The tumor cells are positive for S-100 protein (a) and CD34 (b), but they are negative for CD117 (c) and desmin (d; all ×10).
Discussion
Schwannomas were first described by Verocay in 1910. Although there has been an increase in reports of mesenchymal tumors in recent years with the advent of newer immunohistochemical staining, primary schwannomas of the colon and rectum, unassociated with systemic neurofibromatosis (von Recklinghausen disease), are extremely rare.1,2 Because of the small number of such cases, the incidence and the characteristics of this tumor are not fully established. Schwannoma is a benign neoplasm of ectodermic origin that has slow growth and has the possibility of malignant degeneration if not removed.1–3 Schwannomas affect men and women with equal frequency and can appear at any age, but they are most commonly found after the sixth decade of life. Although they usually evolve asymptomatically, they may in some cases present with bleeding, rectal pain, and tenesmus.2,4,5
Schwannomas tend to share the gross morphologic features with other submucosal tumors and may be hard, solid, ulcerated, or calcified in rare cases.6 Immunohistochemical study of the tumor cells remains the most important diagnostic tool.7 Typically, schwannoma cells are immunoreactive to S-100 protein and vimentin, but are negative for smooth muscle actin, CD117 (KIT), cytokeratin, and desmin.8 Smooth muscle tumors typically have desmin and smooth muscle actin reactivity, whereas gastrointestinal stromal tumor shows immunopositivity to CD117 and CD34 but not S-100 protein.9 Because the tumor showed proliferation of spindle cells in loose edematous stroma and eosinophilic infiltration, inflammatory fibroid polyp should be excluded, which is usually immunoreactive to CD34 but not S-100 protein.

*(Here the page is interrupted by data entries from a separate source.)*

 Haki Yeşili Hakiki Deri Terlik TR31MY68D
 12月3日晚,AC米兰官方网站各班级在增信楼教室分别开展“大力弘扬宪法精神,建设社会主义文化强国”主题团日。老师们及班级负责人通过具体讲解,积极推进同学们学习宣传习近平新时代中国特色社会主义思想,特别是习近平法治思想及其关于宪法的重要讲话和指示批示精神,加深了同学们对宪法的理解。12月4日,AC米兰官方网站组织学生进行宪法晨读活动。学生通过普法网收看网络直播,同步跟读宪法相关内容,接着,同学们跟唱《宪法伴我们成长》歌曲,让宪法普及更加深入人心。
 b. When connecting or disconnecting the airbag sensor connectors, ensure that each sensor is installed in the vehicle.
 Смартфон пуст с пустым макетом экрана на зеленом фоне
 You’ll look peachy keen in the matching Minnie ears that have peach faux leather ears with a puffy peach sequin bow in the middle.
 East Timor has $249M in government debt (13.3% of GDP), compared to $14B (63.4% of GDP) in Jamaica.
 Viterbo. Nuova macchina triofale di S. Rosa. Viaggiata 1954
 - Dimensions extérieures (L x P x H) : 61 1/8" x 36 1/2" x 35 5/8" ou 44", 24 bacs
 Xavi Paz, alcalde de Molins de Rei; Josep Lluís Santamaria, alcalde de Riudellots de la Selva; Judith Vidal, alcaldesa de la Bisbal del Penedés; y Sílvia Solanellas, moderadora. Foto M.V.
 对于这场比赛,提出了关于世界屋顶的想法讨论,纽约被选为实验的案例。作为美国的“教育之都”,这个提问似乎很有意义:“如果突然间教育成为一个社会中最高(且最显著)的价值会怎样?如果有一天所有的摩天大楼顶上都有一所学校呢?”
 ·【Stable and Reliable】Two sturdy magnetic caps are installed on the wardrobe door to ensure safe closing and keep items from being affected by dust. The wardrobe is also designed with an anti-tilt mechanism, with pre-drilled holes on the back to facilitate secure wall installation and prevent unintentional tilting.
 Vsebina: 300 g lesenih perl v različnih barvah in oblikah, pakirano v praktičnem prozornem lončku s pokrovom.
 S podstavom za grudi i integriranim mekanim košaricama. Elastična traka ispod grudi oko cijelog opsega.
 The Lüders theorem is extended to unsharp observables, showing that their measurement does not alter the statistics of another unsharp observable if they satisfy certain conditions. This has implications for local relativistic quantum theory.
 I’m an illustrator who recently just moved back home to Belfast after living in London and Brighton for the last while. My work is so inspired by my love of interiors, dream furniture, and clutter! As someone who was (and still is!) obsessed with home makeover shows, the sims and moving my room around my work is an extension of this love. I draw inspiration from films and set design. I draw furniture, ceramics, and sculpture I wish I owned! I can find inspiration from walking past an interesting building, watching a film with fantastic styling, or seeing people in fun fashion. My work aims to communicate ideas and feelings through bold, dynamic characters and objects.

Many parameters have been studied in relation to tumor behavior, and so far no single parameter alone allows sufficient prediction of the degree of malignity. A mitotic activity rate of more than 5 mitoses per field at high magnification and a tumor size greater than 5 cm tend to be associated with a high risk of metastasis or recurrence. The labeling index of Ki-67 antibodies (MIB-1) with highly assessable reproducibility is recommended as an indicator of malignancy, with more than 10% considered to be malignant.
The best therapeutic option is complete surgical removal with margins free from neoplastic involvement.10 Because the risk of malignant transformation is small, broad lymph node resections are not recommended. For more aggressive tumors, the same surgical criteria should be used, but greater rigor in postoperative follow-up is recommended. The surgical approach depends on the size and location of the tumor and on its histopathologic pattern. The use of radiotherapy or adjuvant chemotherapy has conflicting results and is not recommended for routine use.